There's some ongoing work in GHC that should help us: https://gitlab.haskell.org/ghc/ghc/-/issues/20361. Once it is merged, we should check whether the goal has been achieved.
It may be useful to replace checkedIntegerToInt with Data.Bits.toIntegralSized then.
https://github.com/haskell/bytestring/blob/12563781f257f132f4da866047abe720623f9990/Data/ByteString/Internal.hs#L737-L787
https://github.com/haskell/bytestring/blob/12563781f257f132f4da866047abe720623f9990/Data/ByteString/Internal.hs#L868-L879
Thank you.

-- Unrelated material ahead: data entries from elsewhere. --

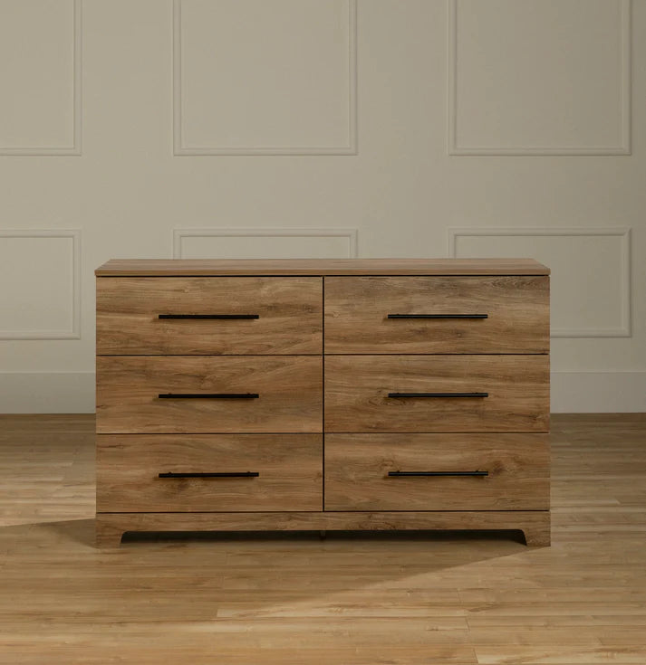Pensée pour optimiser les petits espaces, cette commode intègre de vastes tiroirs pour un rangement efficace. Grâce à ses six tiroirs profonds, elle propose un espace conséquent pour ranger vêtements et literie et vous permet de conserver une pièce des plus ordonnées. Ses glissières de métal assurent une ouverture et une fermeture fluides, tout en facilitant l'accès à vos effets personnels.
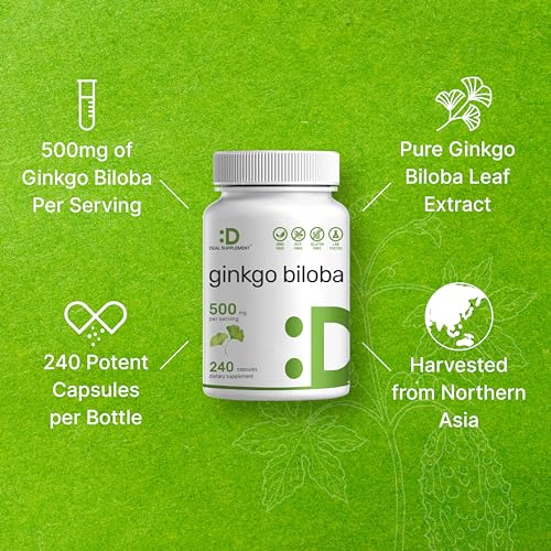 Ginkgo Biloba Extract Capsules – Cápsulas de extrato de folha de ginkgo biloba de alta potência, com 240 unidades, feitas com pó de extrato puro de folha de ginkgo biloba, cultivado no norte da Ásia, que tem sido tradicionalmente utilizado por milhares de anos, fornecendo suprimento para até 4 meses, orgulhosamente fabricado nos EUA.
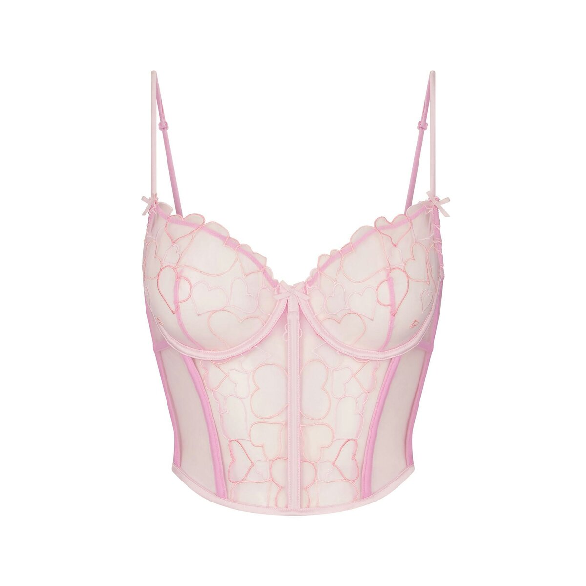 Sheer delight. Made with delicate sheer tulle, this ultra-feminine corset features embroidered hearts and satin bows for romantic charm. Includes underw…

I think the part of the GHC Integer simplification changes that we need to avoid intermediate Integers in stimes @StrictByteString @Int without any rewrite rules was already merged via this upstream MR. It doesn't look like Word is quite so lucky just yet.
As expected, with Int, the Core GHC-9.4.1-alpha1 generates looks great.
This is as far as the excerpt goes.